Philipsz’s ethereal sound work, punctuated by the movement of trains, draws from this history in an exceptionally poignant way. The music is incredibly sad, but also lovely and hopeful: pure, stubborn loveliness in opposition to total evil and mayhem. It was a great decision to situate the work above the real train tracks, and to make it so intangible. The music, which comes and goes (remaining silent for a long time), is simply there, and it’s a powerful force.
Other highlights include Berlin-based Venezuelan Javier Téllez’s film installation Artaud’s Cave (2012) inspired by Antonin Artaud’s 1934 text The Conquest of Mexico and his 1936 trip to Mexico. Seated in a steep, faux grotto, or artificial cave, you watch Téllez’s film, which was largely shot in a Mexico City psychiatric hospital; patients in the hospital are the actors. Sometimes they speak about their lives directly into the camera. At other times you see them going about their routines (watching television, playing soccer, sneaking a smoke) and performing in homemade theatrical spectacles. Artaud was all about a theater that could engulf and derange the senses. Here, Téllez flips the script, revealing these pariahs as incredibly dignified, intelligent, and creative—all of which makes you wonder what exactly constitutes mental illness.
German artist Clemens von Wedemeyer’s complex, multilayered film installation Muster (Rushes), 2012, simultaneously occurs on three screens in a triangular formation. Each of these three stories concerns a different incarnation of a former Benedictine monastery outside of Kassel which was a correctional facility and later the Breitanau concentration camp during Nazi times, a reformatory for girls in the 1970s, and later a psychiatric clinic. Since the early 1980s it has been the Breitenau Memorial Museum commemorating Nazi atrocities. In von Wedemeyer’s tripartite film, blasé students visit the memorial in 1990 on one screen while Allied soldiers liberate the concentration camp in 1945 on another. On the third reformatory girls in the 1970s segue into actors preparing for a film similar to Ulrike Meinhof’s (of the Red Army Faction, or Baader-Meinhof Gang) scathing 1970 television film Bambule which exposes the authoritarianism and gross injustices operating in a reform school for girls (you can see part one of Meinhof’s film here).
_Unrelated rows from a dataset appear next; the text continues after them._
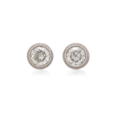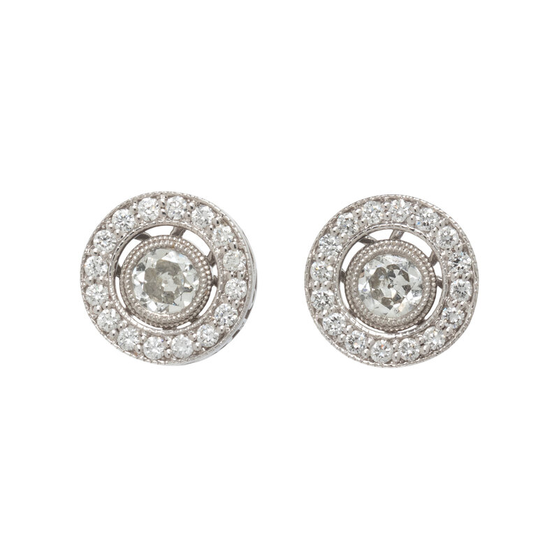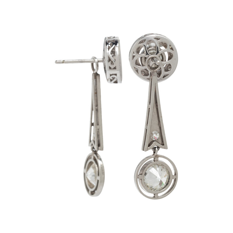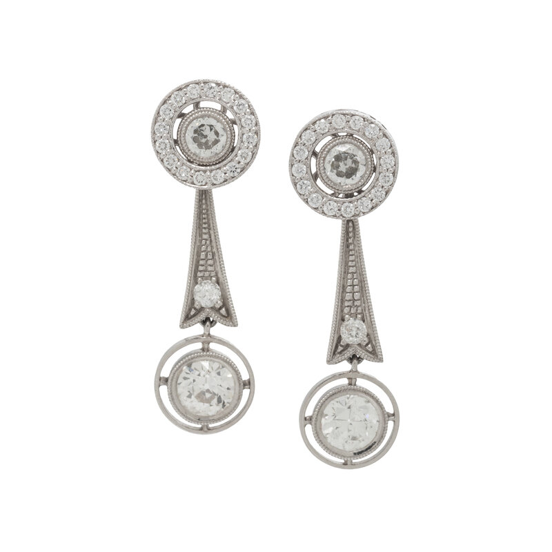 Stud earrings set with transitional cut diamonds weighing approximately 0.43 carat total, earring jackets containing a halo of round brilliant cut diamonds weighing approximately 0.19 carat total, and dangling earring jackets containing old European cut and transitional cut diamonds weighing approximately 1.10 carat total. Platinum and white gold. 1 1/4 inches long.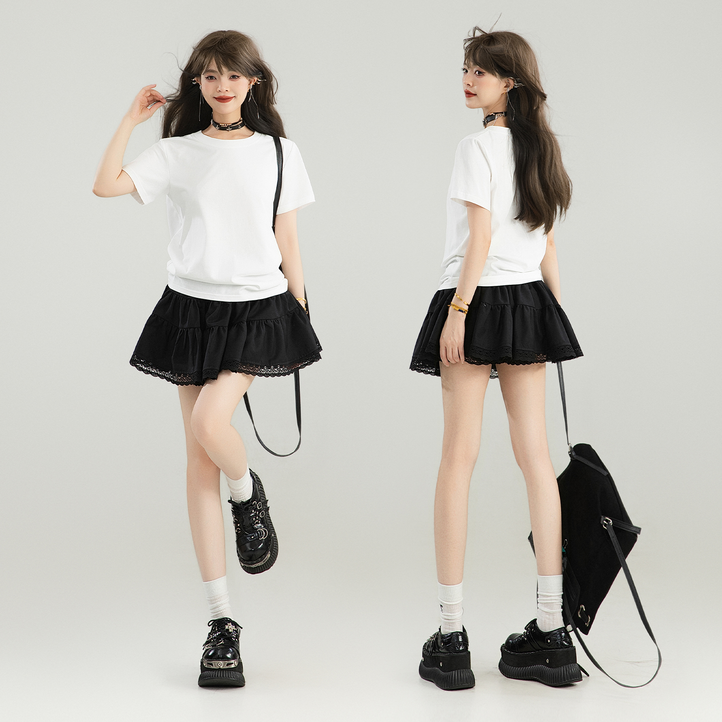 KEIKO 简约纯白色正肩短袖t恤新款百搭凉感精梳棉圆领上衣打底衫 - 凯莉欧服饰旗舰店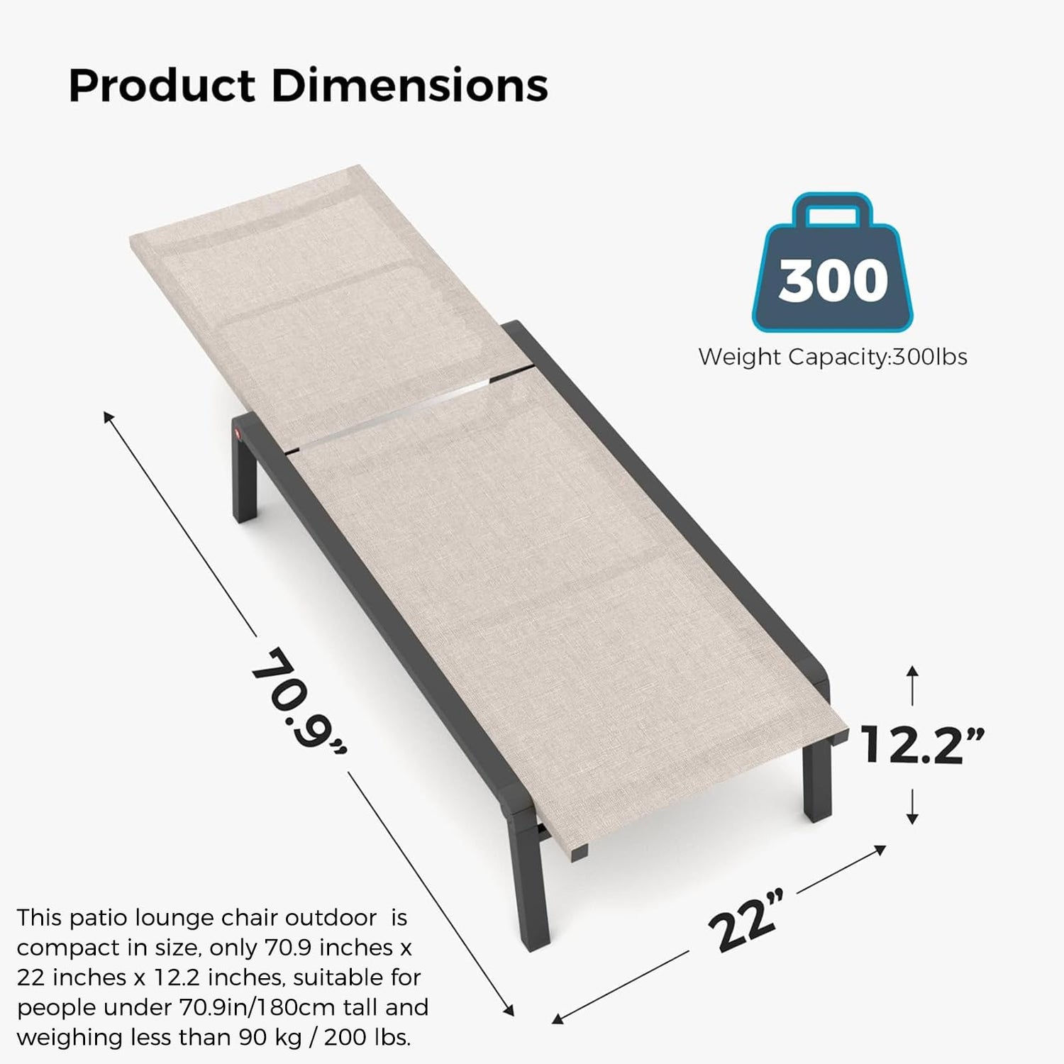 - 【BREATHABLE FABRIC & ALUMINUM FRAME】: The lounge chairs for outside are made of Textilene Fabric and aluminum frame, which is comfortable, durable, UV resistant, non-aging, waterproof, and rust-proof for lasting use.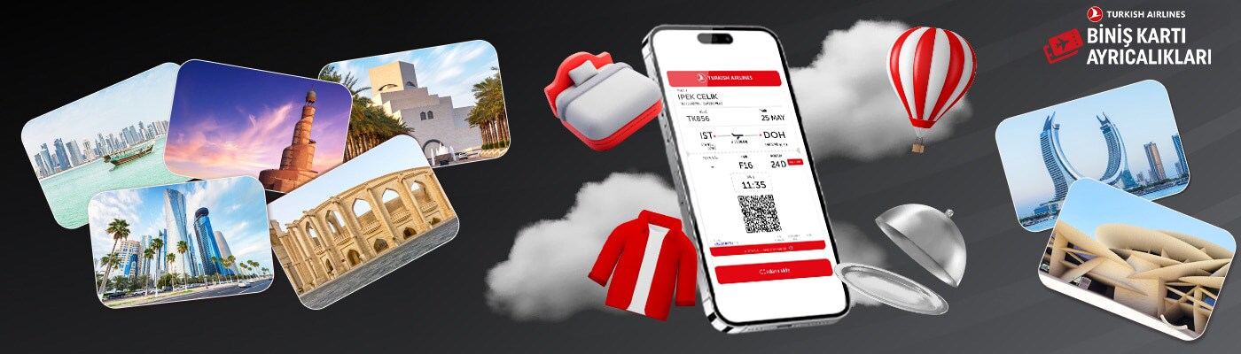 Çölün okyanusla buluştuğu, modern mimariyle kadim kültürün bir araya geldiği Katar’da Türk Hava Yolları biniş kartı ayrıcalıkları sizi bekliyor. Lüks alışveriş merkezlerinden gurme restoranlara, sanat galerilerinden konforlu otellere pek çok noktada yolcularımıza sunulan avantajlarla Katar seyahatinize değer katın.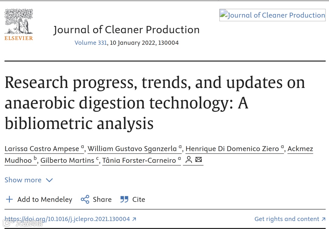 文献1:Research progress, trends, and updates on anaerobic digestion technology: A bibliometric analysis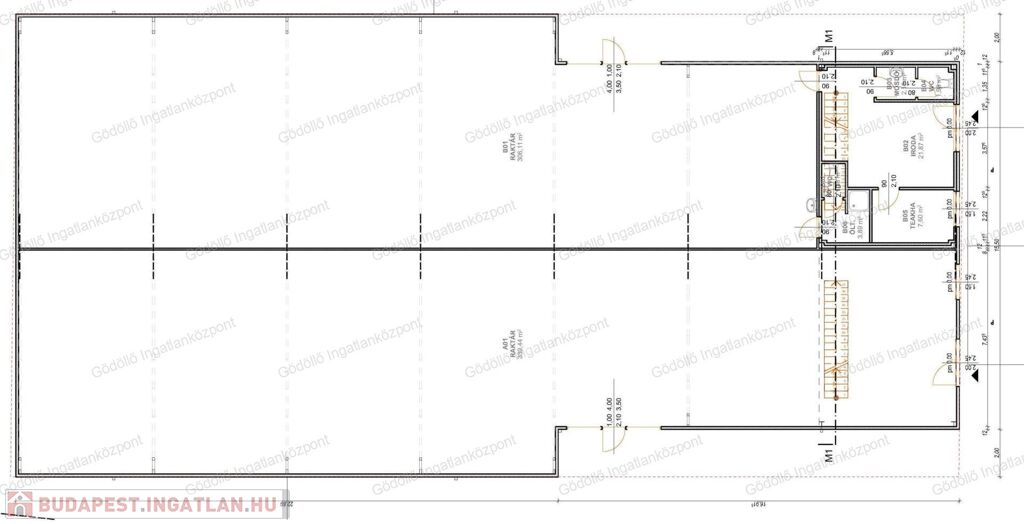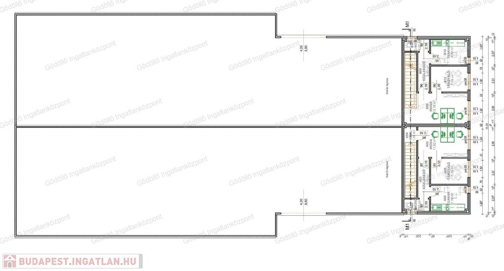 Raktár (300nm), a földszinten (36nm) és a galérián (36nm) is irodák, szociális helységek (wc, fürdő, öltöző, teakonyha) + telekrész 456m2

The other parts are also available on YouTube). As three main characters “time travel” between these periods, appearing in the different stories, the fraught, complex, and varied life of the site over decades gets conjoined.
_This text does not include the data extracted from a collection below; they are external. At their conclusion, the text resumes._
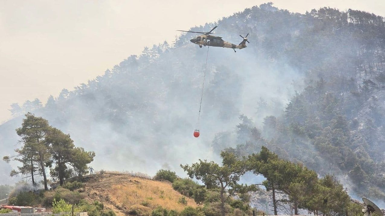 Helicopters used to put out the fires. Countries like Jordan have sent assistance.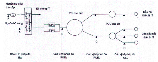 CHÚ THÍCH 1: Trong một số trường hợp, giá trị tỷ lệ nghịch của PUE là hiệu suất cơ sở hạ tầng DC (DCiE) được sử dụng.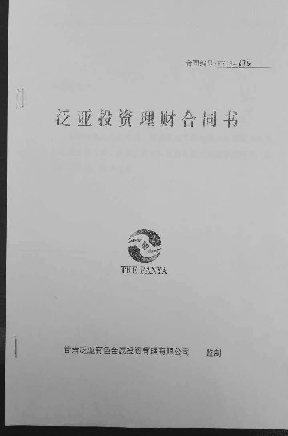 2012年初,韩德玉从广东回兰州探亲期间,被当地银行客户经理盛邀参加活动,向她力推一款高息理财产品,并特别请甘肃泛亚人员来银行向她讲解,称保本保息,资金由银行三方监管等。当时,韩德玉不急用钱,先后在银行购买了近450万元定期白银理财产品和日进日出的“日金宝”理财产品,甘肃泛亚并给她出具了《保本保息理财承诺书》。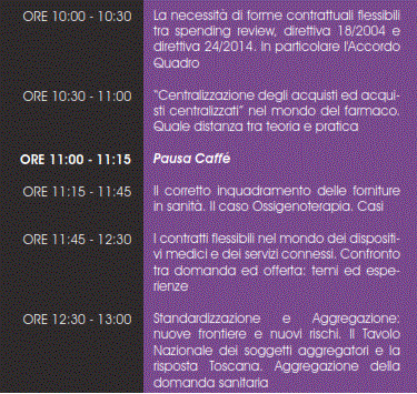 Tutti questi temi saranno trattati con la collaborazione di AGENAS ed AVCP, nonchè di professionisti sanitari ed amministrativi provenienti da varie realtà Toscane e del resto d'Italia.

Nearby, South African luminary William Kentridge debuts a major new video installation called The Refusal of Time (2012). This complex meditation on time, including 19th century attempts to standardize time, and how Einstein erupted such standardization, plays out in a fascinating panorama of video projections on the walls, accompanied by rollicking and at times anarchic music. Large metronomes, clocks, maps, Kentridge repeatedly stepping on and off chairs, dancers, books, and the artist’s signature animated processions all factor in, while a male voice quietly intones from speakers.
In the middle of the room is a kinetic contraption/machine, an artificial lung “breathing” in and out. Rather than making rational sense of the installation, you give yourself over to its delightful verve, high jinks, intelligence, and humanity as it situates us in relation to the vastness of time, the world, and the cosmos.